In recent times, data has become the most valuable asset, predominantly after the widespread adoption of cloud computing, data modernization and next-gen technologies like artificial intelligence (AI), machine learning (ML), and others. This technological evolution drove efficiency, scalability, and flexibility for enterprises all over the globe. However, this transformation gave rise to new complexities related to data security management.
Data breach, leakage, loss, or corruption can lead any enterprise to a standstill, face financial loss, and legal consequences for neglecting adherence to regulations and compliance related to data security and management.
Data security management is crucial for enterprises with the emergence of new technologies, threats, and regulatory reforms. The massive growth of data volumes, multiple data sources, and diverse data formats has led to consequent challenges in data security management. For the data management services provider, it is not a simple task that can be resolved with a single tool or solution, and it involves multiple aspects that are challenging and complex. According to a report, in 2023 there were around 6.06 billion malware attacks globally, alarming rising need to protect data with more cautions and innovative approach. The data management companies face certain challenges that can be addressed using advanced technologies and strategic approaches.
7 Biggest Challenges Enterprises Face With Data Security Management
1. Hybrid-Cloud for Data Storage
Challenge: The variations in tools and configurations between cloud providers can make it challenging to maintain the consistency of security policies across hybrid platforms. Having an inconsistency in the security policy owing to different cloud platforms can make data vulnerable.
Additionally, different cloud providers could have different data security policies, making data security management complex and vulnerable. Complex interconnected networks and siloed data make businesses unable to extract actionable insights.
Solution: Implementing a Cloud Security Posture Management (CSPM) solution integrated with infrastructure-as-code (IaC) templates and policy-as-code frameworks like Open Policy Agent (OPA) can help solve such challenges and make data security more consistent. Deploying a unified data classification and encryption strategy with cloud-agnostic key management systems can help enterprises manage data security consistently.
2. Lack of Data Visibility and Lineage Tracking
Challenge: Inadequate data visibility and lack of lineage tracking make data security management weak and compromised. With a multi-cloud hybrid environment, it becomes challenging to have complete visibility of resources and configurations as data is stored across different networks. Without having precise knowledge about where the data is stored and how it’s utilized, it becomes challenging for enterprises to protect it. With no data lineage tracking, it becomes challenging and difficult to identify, assess, and mitigate data security risks.
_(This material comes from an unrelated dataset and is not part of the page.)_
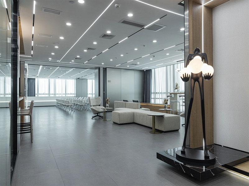 在细节处理上,项目充分体现了对员工的人文关怀:线性灯带与嵌入式筒灯的组合照明,既满足了不同场景的办公照明需求,又避免了强光直射带来的视觉疲劳;高背办公椅与人体工学沙发的选用,为长时间工作或休憩的员工提供了舒适支撑;水吧区的开放式储物设计与便捷操作台面,让员工的日常休憩与团队轻社交变得自然顺畅;公共区域的艺术装置与绿植点缀,则在极简底色中注入了生机与温度,缓解了工作带来的疲惫感。

Data lineage is crucial because it helps track the origin, movement, and transformation of data, which is helpful during incidents of any data breach.
Solution: Adopting a Data Governance and Observability framework powered by metadata-driven data catalogs, automated data discovery tools, and end-to-end lineage tracking systems can help solve the challenge of poor data visibility and lineage tracking tools. By integrating these tools with multi-cloud architecture using APIs and connectors, leveraging data management companies’ capabilities.
3. Insider Threats
Challenge: Insider threat incidents are increasing with the rise of remote and hybrid work, making it difficult to monitor user activity cautiously. Hybrid cloud environments can have both on-premises and cloud resources, which makes data security management more difficult. Generally, it comprises multiple users, devices, and third-party vendors that access different resources, making it prone to insider threats. Additionally, during data movement in a multi-cloud environment, it becomes easier to access or extract the data.
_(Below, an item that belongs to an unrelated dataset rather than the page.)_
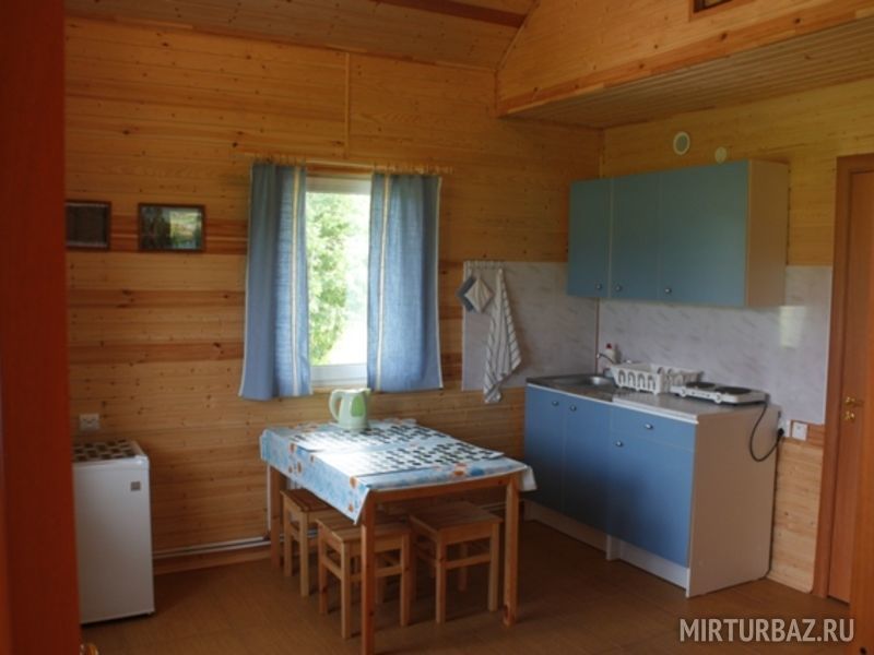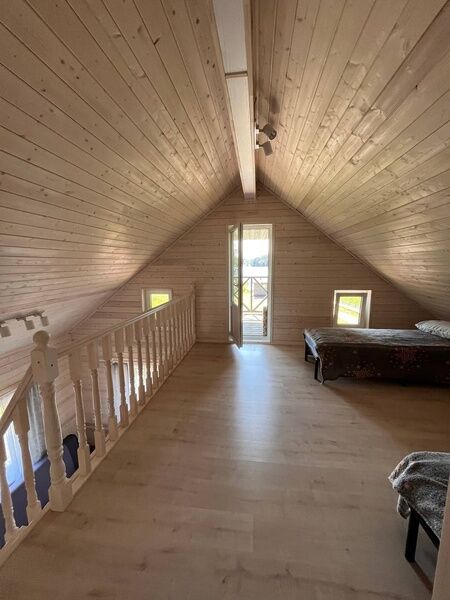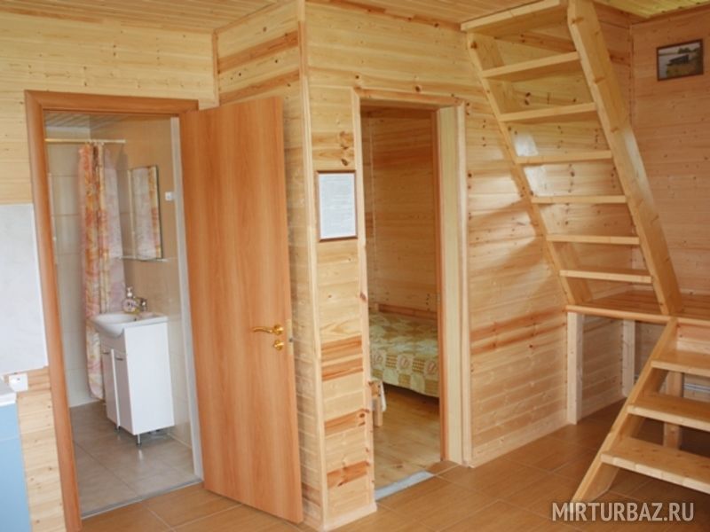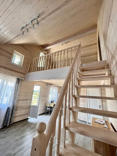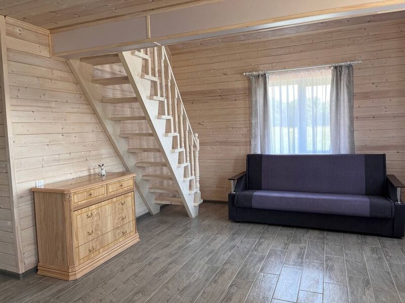 Коттедж разделен на 2 одинаковые части, каждая из которых имеет свой отдельный вход, кухню и душ.

Solution: Enterprises should implement a Zero Trust Security architecture combined with advanced User and Entity Behavior Analytics (UEBA) and Secure Access Service Edge (SASE) frameworks to mitigate insider threats. By using multi-factor authentication (MFA), just-in-time (JIT) access, and least privilege principles, leveraging data management services from experts. Deploying Data Loss Prevention (DLP) solutions and Encryption during data-in-transit and data-at-rest can help strengthen security against insider threats.
4. Shadow IT and Unmonitored SaaS Adoption
Challenge: Shadow IT, utilizing IT resources and unauthorized Software as a Solution (SaaS) applications without proper knowledge or approval, lacks required security measures, controls, and compliance. It leads to unmonitored and insecure data handling, as applications or IT resources often neglect standard security protocols, making it challenging to manage data security. Unmonitored SaaS applications and shadow IT may lack security measures, compliance, patching, data encryption, and proper access controls, making data vulnerable and exposed to data attackers.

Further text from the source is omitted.